Claude Prompt Library
Claude CodeJul 2, 2026 · 5 min read

Let Claude Code Analyze Every GitHub Issue for You

One prompt that points Claude Code at your GitHub issues, has it read the codebase, design a solution, and write the answer straight back onto the issue. Works with Jira and any connected MCP too.

The prompt
/goal connect to the gh cli or github mcp, pull every issue that has not been analyzed already with a solution design readme file attached, run the analysis against the codebase, design the solution, update the issue.

It is important to ask me questions if you are not sure. Ask one question at a time and wait for my response
Paste it into Claude Code. It handles the rest, and checks with you when it isn't sure.

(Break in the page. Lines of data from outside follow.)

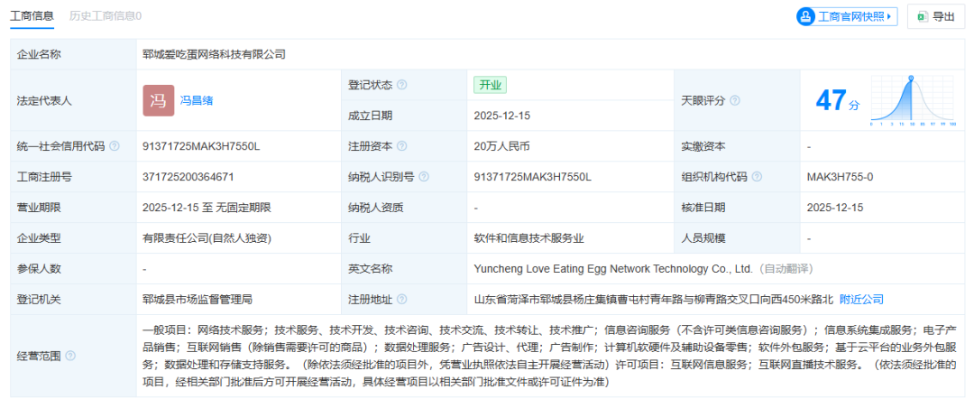近日,热搜话题 #400万煮鸡蛋大神开公司了# 引发围观。天眼查信息显示,郓城爱吃蛋网络科技有限公司于12月15日正式注册,法定代表人正是博主“爱吃蛋”冯昌绪,公司业务涵盖互联网销售、直播技术服务等。
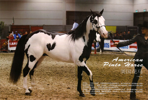 花馬在美國隸屬兩大協(xié)會(huì),分別是美國Pinto花馬協(xié)會(huì)(PtHA)和美國Paint花馬協(xié)會(huì)(APHA)。根據(jù)美國Paint花馬協(xié)會(huì)的統(tǒng)計(jì):自1962年以來,截止到2007年,該協(xié)會(huì)共登記92.84萬匹花馬。據(jù)2007年的年度統(tǒng)計(jì)資料,全世界該年度登記的Paint花馬為35032匹,其中美國和加拿大為30639匹(加拿大2418匹),其他國家為4393匹。在美國以德克薩斯州花馬最多,數(shù)目為4138匹,加利福尼亞居第二位,數(shù)目為1945匹。除了美國和加拿大之外,德國、法國、意大利的花馬也比較多,登記的數(shù)目分別是554、349、322匹。 關(guān)于花馬的稱謂 作為術(shù)語來講,花馬的稱謂較混亂,看上去也令人莫名其妙。今分述如下: 黑白花馬(Piebald):這一術(shù)語在說英國英語的國家較普遍。簡言之就是黑馬身上帶有白花。 彩色花馬(Skewbald):這一術(shù)語也是在說英國英語的國家較普遍。馬身體上的顏色除了白花以外,其他顏色是有色的,但不包括黑色。比如栗毛馬身上有白花叫栗白花,這毛色最為常見。其次,騮毛馬身上有白花叫騮白花。在彩色花馬中,較少遇見的為銀鬃白花、兔褐白花、沙白花等花色。 花馬(Colored):這一術(shù)語亦用于說英國英語的國家,而在說美國英語的國家常將花馬叫“品托”(Pinto),“Pinto”一詞來自西班牙語“Pintado”,意思是“繪畫的”,而在西部牛仔的土話中就變成了“花的”。在美國還有個(gè)詞叫“Paint horse”,也是指“花馬”,二者的區(qū)別在后文詳述??偠灾R就是指上述所說的“黑白花馬”和“彩色花馬”。 三彩花馬(Tricolored):乍看起來,頗像唐三彩馬。這里指毛色中有三種顏色。如騮色馬本身就是紅、黑兩色,如果體軀有白花則就成了三種顏色,叫“騮白花”,這術(shù)語用于說英國英語的國家,同時(shí)這一詞完全可以并入“彩色花馬”中。 關(guān)于花的樣式 淘比亞諾(Tobiano):這是“花馬”(美語稱“Pinto”)中最普遍的類型。白花略呈圓形,整個(gè)四條腿為白色,白毛向上穿過鬐甲和尾根之間的背部,一般大都為垂直的樣式,全身白色多于暗色,當(dāng)然最理想的分配比例是半對半。馬的頭部一般是暗色的,如有白章則和正常單色馬的一樣。淘比亞諾樣式由顯性基因控制,其遺傳規(guī)律是“如果小駒為淘比亞諾樣式,則至少父母之一為淘比亞諾樣式”。 奧維羅(Overo):白斑呈輪廓分明的,不規(guī)則狀,常水平走向,全身暗色毛大于白色,臉常為白色,有時(shí)為藍(lán)眼睛(即玉石眼)。白毛很少穿過馬背.四肢多為正常的暗色。奧維羅樣式由隱形基因控制,即兩個(gè)單一毛色的父母,可能生成一匹奧維羅樣式的后代,人們把這種現(xiàn)象叫“意外事件”。 薩比諾(Sabino):其特點(diǎn)是有范圍不大的白斑,諸如腿白過高(前肢過膝蓋、后肢過飛節(jié)),腹部有白斑,臉部白斑向后延伸過眼,或有單獨(dú)的一塊沙毛,或在白斑的邊緣呈現(xiàn)沙毛狀。在某些登記會(huì)上,薩比諾樣式被登記為奧維羅樣式,實(shí)際上兩者并無相關(guān),相應(yīng)控制基因是不同的。 淘維羅(Tovero):白斑樣式為淘比亞諾和奧維羅樣式的混合體,即具有二者的特征。比如耳朵周圍為暗色,這種暗色可能擴(kuò)展到前額和眼睛,單眼或雙眼為藍(lán)色(即玉石眼)。前胸部有暗斑,可能向上延伸到頸部。脅部有暗斑,這種暗斑可能向前延伸到胸廓,向上延伸至腰。尾礎(chǔ)也有暗斑。 根據(jù)美國Paint花馬協(xié)會(huì)按照花的樣式統(tǒng)計(jì)的結(jié)果是淘比亞諾(Tobiano)占35.91%,奧維羅(Overo)占23.62%,淘維羅(Tovero)占5.43%,單色(非花馬)占35.04%。 Paint花馬和Pinto花馬之間的區(qū)別 兩者的共同特點(diǎn)都是花馬。用一句簡單的話說“Paint和Pinto之間的主要區(qū)別在于品種上”。 美國Paint花馬:具有花馬的毛色,同時(shí)具有可追溯到夸特馬(Ouarter horse)和純血馬(Thoroughbred)的可靠系譜的馬,才叫美國Paint花馬,并可登記在美國Paint花馬協(xié)會(huì)。這就是說美國Paint花馬必須是已登記的美國夸特馬、美國Paint花馬或者純血馬血統(tǒng)的馬。 美國Pinto花馬具有花馬的毛色,但對品種沒有要求,即可以是許多馬的品種,也可以是品種之間的雜交馬。不過,美國Pinto花馬協(xié)會(huì)不登記花色的挽馬和騾子,因?yàn)樗鼈冇闪硗獾牡怯浗M織專門登記。 此外,美國Paint花馬主要看血系,除了登記花馬之外,還登記沒有花的馬,如前文所述其比例占35.04%,這也是美國Paint花馬協(xié)會(huì)與美國Pinto馬協(xié)會(huì)之間的個(gè)重要區(qū)別。 綜上所述,美國Paint花馬和美國pinto花馬是有重復(fù)的,可以雙重登記。美國Paint花馬大多數(shù)符合美國Pinto花馬的登記條件,但不是所有的Pinto花馬都符合Paint花馬的登記條件的。 品種登記和白章 如果雙親都是純色(單毛色,非花馬,但是多數(shù)馬的臉上和四肢白章面積較大)而生出的花馬幼駒,根據(jù)美國Paint花馬協(xié)會(huì)的統(tǒng)計(jì),這種“意外事件”只占0.41%。在過去,對這種情況一般是不予登記的,原因是認(rèn)為其是雜種。對于這一限制,無論是美國的Paint花馬協(xié)會(huì),還是美國Pinto花馬協(xié)會(huì)都是一樣。類似的情況,也發(fā)生在阿拉伯馬協(xié)會(huì)和美國夸特馬協(xié)會(huì)。然而,現(xiàn)在通過DNA檢測可以揭示控制花馬毛色的基因,比如阿拉伯馬的薩比諾樣式、夸特馬的薩比諾、奧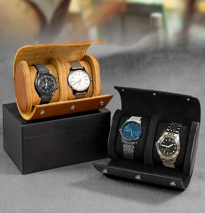 Crafted from smooth, premium leather with a soft suede interior, this roll features three individual watch compartments separated by padded dividers. A secure snap or buckle closure (depending on variation) keeps everything in place, while the supple structure allows for compact packing without compromising protection. Minimal on the outside, indulgent on the inside — it's built to travel as well as you do.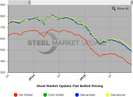 SMU Note: Below is a graphic showing our hot rolled, cold rolled, galvanized, and Galvalume price history. To use the graphs interactive capabilities, you must view it on our website here. If you need help navigating the website or need to know your login information, contact us at info@SteelMarketUpdate.com or by calling 800-432-3475.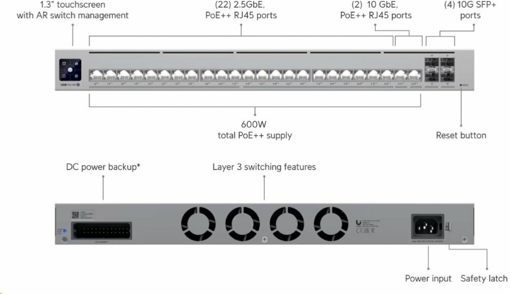 UniFi Switch (USW-Pro-HD-24) je spoľahlivý L3 switch s manažmentom v profesionálnom prevedení určený pre montáž do racku 1U.

Here is a Claude Code trick I keep coming back to. Point it at your GitHub issues and let it do the first pass of engineering thinking for you: read the issue, read the code that issue touches, design a solution, and write that solution back onto the ticket.

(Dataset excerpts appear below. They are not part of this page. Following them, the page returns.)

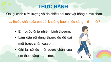1. Bước chân của em dài khoảng bao nhiêu xăng – ti – mét?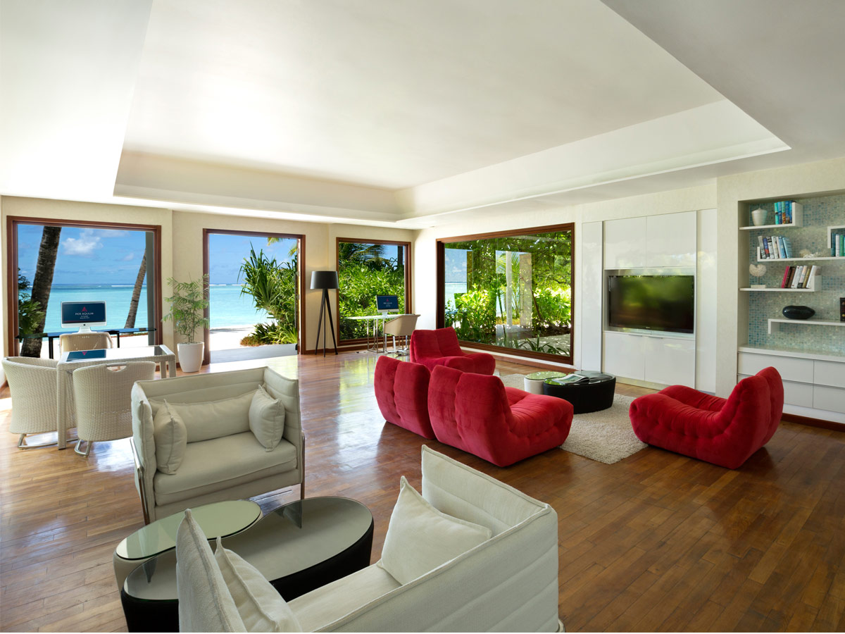 室内温度控制系统让人倍感清凉。在环礁的这个舒适角落,感受无比宁静的氛围,浏览DVD收藏、读本书或者聊聊天。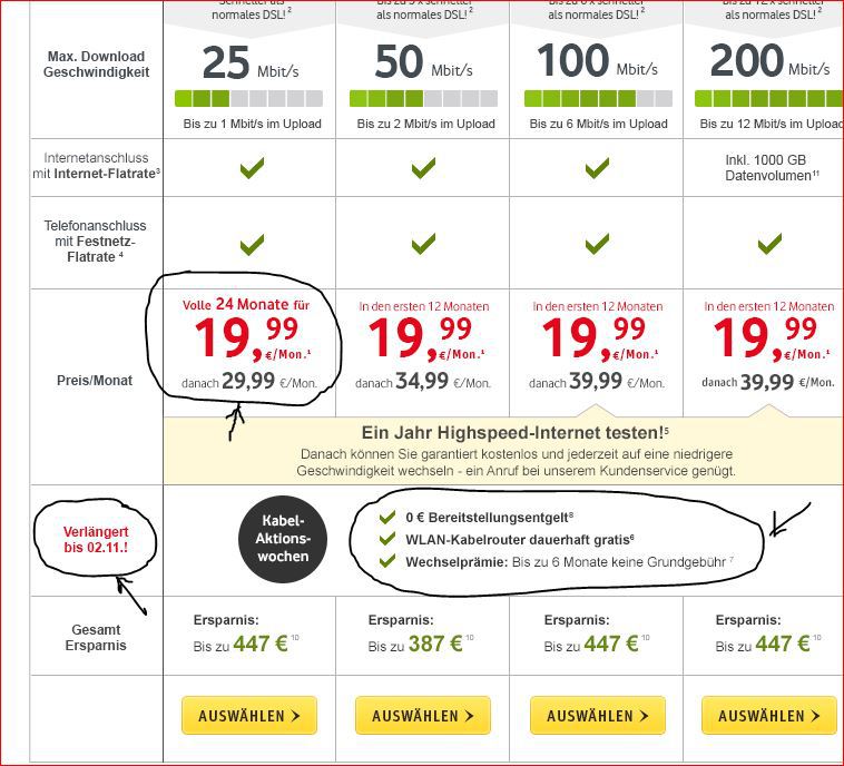 То, как я предлагал это: 19.99 (через 2 года 29,99) за кабельаншлус интернет + телефон + 35 в год за 400 до 500 русских каналов, выбор за вами.

It sounds like a lot. It's one prompt. Copy the block above, paste it into Claude Code, and watch it work through your backlog one issue at a time.

What the prompt actually does

Read it left to right and it's really a checklist you're handing to an engineer:

  • Connect to your issues. It reaches your backlog through the gh CLI or the GitHub MCP, whichever you have wired up.
  • Find the untouched ones. It skips any issue that already has a solution-design readme attached, so it only works on tickets nobody has analyzed yet. Run it again next week and it picks up where it left off.
  • Analyze against the real codebase. This is the part that matters. It doesn't guess from the title. It opens the files the issue is about and reasons about your actual code.
  • Design the solution. It writes up an approach: what to change, where, and the trade-offs.
  • Update the issue. The design lands back on the ticket, so the next person to open it, human or agent, starts from a real plan instead of a blank page.

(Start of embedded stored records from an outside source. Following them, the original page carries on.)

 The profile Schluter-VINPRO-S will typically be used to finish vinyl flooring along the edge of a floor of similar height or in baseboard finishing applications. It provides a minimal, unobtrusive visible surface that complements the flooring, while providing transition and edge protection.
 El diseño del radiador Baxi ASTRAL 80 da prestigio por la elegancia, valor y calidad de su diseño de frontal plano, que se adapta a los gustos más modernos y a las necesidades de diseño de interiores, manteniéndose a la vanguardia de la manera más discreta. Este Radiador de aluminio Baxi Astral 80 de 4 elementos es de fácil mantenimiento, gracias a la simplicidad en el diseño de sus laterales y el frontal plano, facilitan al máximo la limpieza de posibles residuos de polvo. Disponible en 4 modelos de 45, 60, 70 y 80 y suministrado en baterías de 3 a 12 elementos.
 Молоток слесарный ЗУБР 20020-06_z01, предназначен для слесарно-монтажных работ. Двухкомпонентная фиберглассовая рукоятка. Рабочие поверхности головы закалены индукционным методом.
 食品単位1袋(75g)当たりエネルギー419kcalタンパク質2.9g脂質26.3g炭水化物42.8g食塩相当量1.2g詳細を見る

The line that makes it safe

The last sentence is the whole trick: ask me questions if you are not sure. Ask one question at a time and wait for my response.

Without it, an eager agent fills every gap with a confident guess, and you end up reviewing a stack of plausible-but-wrong solution designs. With it, Claude Code stops and asks the second it hits real ambiguity. One question, your answer, then it keeps going. You stay the decision-maker. It does the reading and the typing.

An agent that guesses is a liability. An agent that asks one good question at a time is a teammate.

It isn't only GitHub

Swap the source and the same pattern holds. Jira, Linear, a support queue, anything you can reach through a connected MCP. The shape of the work doesn't change: pull the items nobody has looked at, understand them against the code, propose a plan, write it back. Point it at whatever system your team actually lives in.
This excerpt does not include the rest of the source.